Renal hypouricemia (RHUC) is a disease caused by dysfunction of renal urate reabsorption transporters; however, diagnostic guidance and guidelines for RHUC have been lacking, partly due to the low ...evidence level of studies on RHUC. This review describes a world-first clinical practice guideline (CPG) and its first version in English for this condition. It was developed following the “MINDS Manual for Guideline Development” methodology, which prioritizes evidence-based medicine. It was published in Japanese in 2017 and later translated into English. The primary goal of this CPG is to clarify the criteria for diagnosing RHUC; another aim is to work towards a consensus on clinical decision-making.

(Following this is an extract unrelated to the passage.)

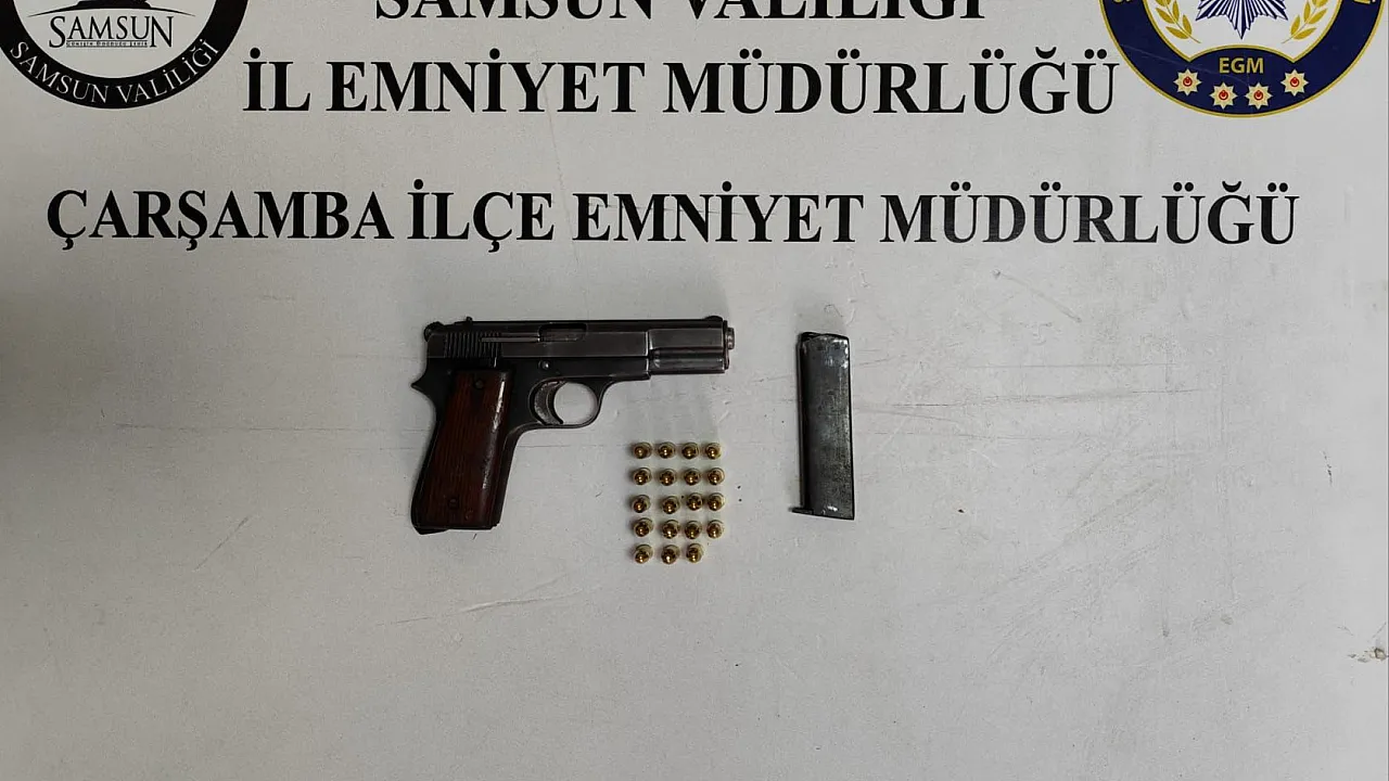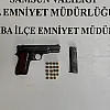Yapılan aramada 1 adet 7,65 mm çapında ruhsatsız tabanca ile 19 adet fişek ele geçirildi.

One of the CPG’s unique points is that it contains textbook descriptions at the expert consensus level, in addition to two clinical questions and recommendations derived from a systematic review of the literature. The guidance shown in this CPG makes it easy to diagnose RHUC from simple blood and urine tests. This CPG contains almost all of the clinical foci of RHUC: epidemiology, pathophysiology, diagnostic guidance, clinical examinations, differential diagnosis, and complications, including exercise-induced acute kidney injury and urolithiasis. A CPG summary as well as a clinical algorithm to assist healthcare providers with a quick reference and notes from an athlete for both physicians and patients are included. We hope that this CPG will help healthcare providers and patients to make clinical decisions, and that it will promote further research on RHUC.